Я почти вдруг постиг, что и то реальное разнообразие развития, которое я находил столь прекрасным и полезным в земной жизни нашей, не может долго держаться без формирующего, сдерживающего, ограничительного мистического единства; ибо при ослаблении стеснительного единства произойдет скоро то самое ассимиляционное смешение, которое я зову то эгалитарным прогрессом, то всемирной революцией. Эту мою мысль об опасности «смешения» сам г-н Астафьев весьма горячо оправдывал и с психологической точки зрения.
Подготовленный к этому, сверх просветления ума возгоревшейся сердечной верой, еще и долгою политическою деятельностью в среде восточных христиан, – я понял почти сразу и то, что я сам лично вне Православия спасен за гробом быть не могу; и то, что государственная Россия без строжайшего охранения православной дисциплины разрушится еще скорее многих других держав; и то, наконец, что культурной самобытности нашей мы должны по-прежнему искать в этих греко-российских, древних корнях наших, а не гнаться за каким-то новым, никем не виданным чистым славизмом, который, по всем доступным ныне признакам, рискует выйти не чем иным, как или самым жалким, или самым страшным европеизмом новейшего времени.
Как раз в это же самое время произошло отложение болгар от вселенской цареградской Церкви, и я с ужасом понял тогда и глубокий индифферентизм болгар, и полупростодушие, полумерзость наших русских надежд и затей, и удивительную твердость и смелость греческого духовенства.
Без ученой подготовки, без достаточных книжных источников под рукою – подчиняясь только внезапно охватившему мою душу огню – я написал эту вещь «Византизм и славянство».
Сила моего вдохновения в то время (в <18>73 году) была до того велика, что я сам теперь дивлюсь моей тогдашней смелости. Теперь, обладая сравнительно гораздо большей начитанностью и литературным опытом, я не в силах бы был написать ничего подобного. Тогда – я думал так: «Если я ошибусь в исторических фактах, это не важно; гипотеза может оказаться верною и при недостаточных фактах; другие более меня ученые, более терпеливые и более осторожные объяснят меня. А если они опровергнут мою гипотезу триединого процесса, то уж буржуазность-то югославян, их нерелигиозность, их либеральный европеизм никто отвергнуть не может. Это уж не гипотеза, а грубейшие факты».
Прилагая эту мою гипотезу триединого процесса (первоначальной простоты, цветущей сложности в мистическом единстве и вторичного смешения) к волновавшему меня в ту минуту частному греко-болгарскому вопросу, древний корень единства восточно-славянского мира я видел в преданиях греческого духовенства, в историческом воспитании его (независимость церковной власти), в психических, так сказать, навыках высшего греческого монашества.

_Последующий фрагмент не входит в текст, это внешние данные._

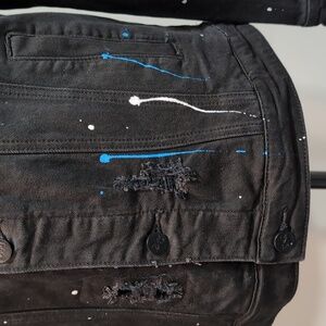DNA, Hand-painted Black Distressed Women's Denim Jacket with Blue Accents,Size S
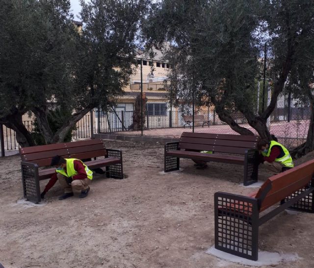 El alumnado del Programa Mixto de Empleo y Formación JV San José 1 instala 8 bancos, modelo "escuela taller", en la pedanía de La Ribera de Molina, como parte de las actuaciones sujetas al proyecto, que se inició el pasado día 1 de septiembre, con una duración de 12 meses, dirigido a 32 alumnos/as desempleados, menores de 25 años.

В чисто славянских сочувствиях наших я чуял все тот же всесмесительный, радикальный европеизм, которого еще давным-давно и Хомяков, и Ив. С. Аксаков, и сам Катков учили меня бояться и чуждаться.
А почему Катков и Аксаков не узнавали того же европейского радикализма в этом частном болгарском случае – это их дело. Я не знаю наверное почему; но, вспоминая при этом русскую пословицу: «На всякого мудреца довольно простоты», думаю так: Аксаков был пламенный поклонник славянства во что бы то ни стало; он слепо веровал в его залоги; а Катков был гениальный оппортунист, но действительной дальновидностью не отличался; по крайней мере в явных, писанных взглядах своих.
Как лично верующий христианин, как ученик и послушник афонских монахов, «обвеянный тогда Афоном» (как выражался покойный Климент Зедергольм), я считал тогдашние политические действия князя Горчакова и графа Игнатьева прямо их личным грехом.
Точно таким же греховным дерзновением я считал и статьи Каткова и Аксакова в защиту болгар.
Как человек, уже привычный сам и к мелкой политической практике, и к пониманию общегосударственных вопросов, я находил опасным сдвигать нашу восточную политику с привычного, векового пути греко-русского единения.
Как русский гражданин, как патриот, я возмущался тем, что мощные представители императорской России, графы и князья наши, тянутся боязливо по следам каких-то славянских холуев-демагогов.
Бога дипломаты наши не боятся оскорбить (думал я), потворствуя нарушению древних и весьма существенных канонов; а боятся раздражить каких-то паршивых болгар, которых как мух Россия может задавить одной лишь ступней своей.